Apa tes Turing? Bagaimana kebangkitan AI generatif mungkin telah merusak permainan imitasi yang terkenal.

“Bisakah mesin berpikir?” Itulah pertanyaan inti ahli matematika legendaris dan ilmuwan komputer Alan Turing berpose Pada bulan Oktober 1950. Turing ingin menilai apakah mesin dapat meniru atau menunjukkan perilaku cerdas tingkat manusia, dan karenanya ia datang dengan tes yang disebut “permainan imitasi.” Ini kemudian dikenal sebagai tes Turing, yang biasanya digunakan untuk menilai seberapa baik mesin dapat meniru perilaku manusia.
Kejadian tes Turing berasal dari kesulitan yang melekat dalam menetapkan kriteria objektif yang membedakan pemikiran asli dari tiruannya. Tantangannya adalah bahwa bukti pemikiran asli dapat ditolak dengan argumen bahwa sebuah mesin hanya diprogram untuk tampak cerdas. Pada dasarnya, inti dari pembuktian jika mesin dapat berpikir adalah mendefinisikan apa pemikiran itu.
Terkait: 8 robot paling aneh di dunia saat ini
Turing ingin menantang ide itu bahwa sifat mekanis komputer berarti mereka tidak dapat, pada prinsipnya, berpikir.

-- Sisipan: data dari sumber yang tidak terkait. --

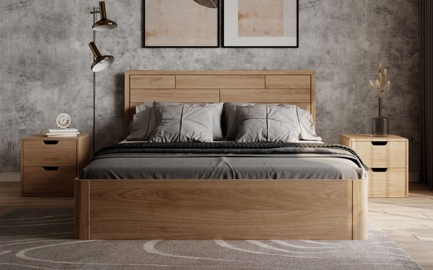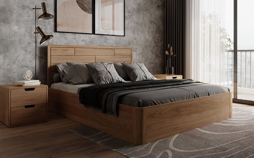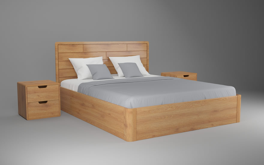 Ліжко Лауро виготовлене з масиву лише міцних порід дерева – ясеня чи дуба (більш м’яка порода, наприклад вільха, − не підходить). Узголів’я – суцільний масив натурального дерева, з простим, цікавим, геометричним малюнком у вигляді цеглинок.

Matematikawan menyatakan bahwa, jika komputer tampak tidak dapat dibedakan dari manusia, lalu mengapa itu tidak dianggap sebagai entitas yang berpikir?

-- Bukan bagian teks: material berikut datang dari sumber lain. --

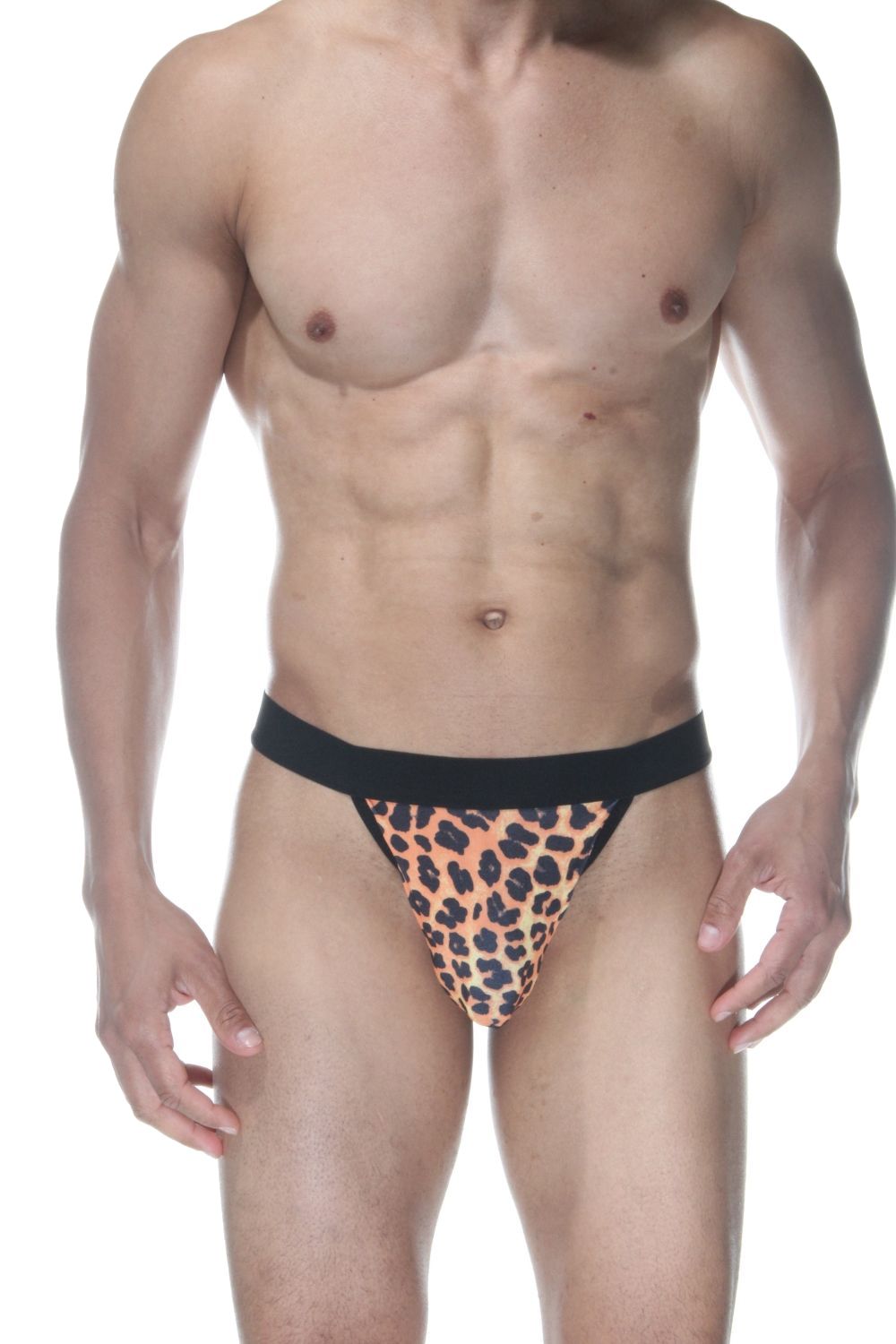 Мужские трусы-стринги с леопардовым принтом и широкой резинкой.

Bagaimana cara kerja tes Turing?
Turing mengusulkan permainan tiga partai. Dia pertama kali menguraikan tes di mana seorang pria dan wanita pergi ke kamar terpisah dan tamu pesta menggunakan jawaban yang diketik untuk mencoba dan menentukan orang mana yang, sementara pria dan wanita mencoba meyakinkan mereka bahwa mereka adalah lawan jenis.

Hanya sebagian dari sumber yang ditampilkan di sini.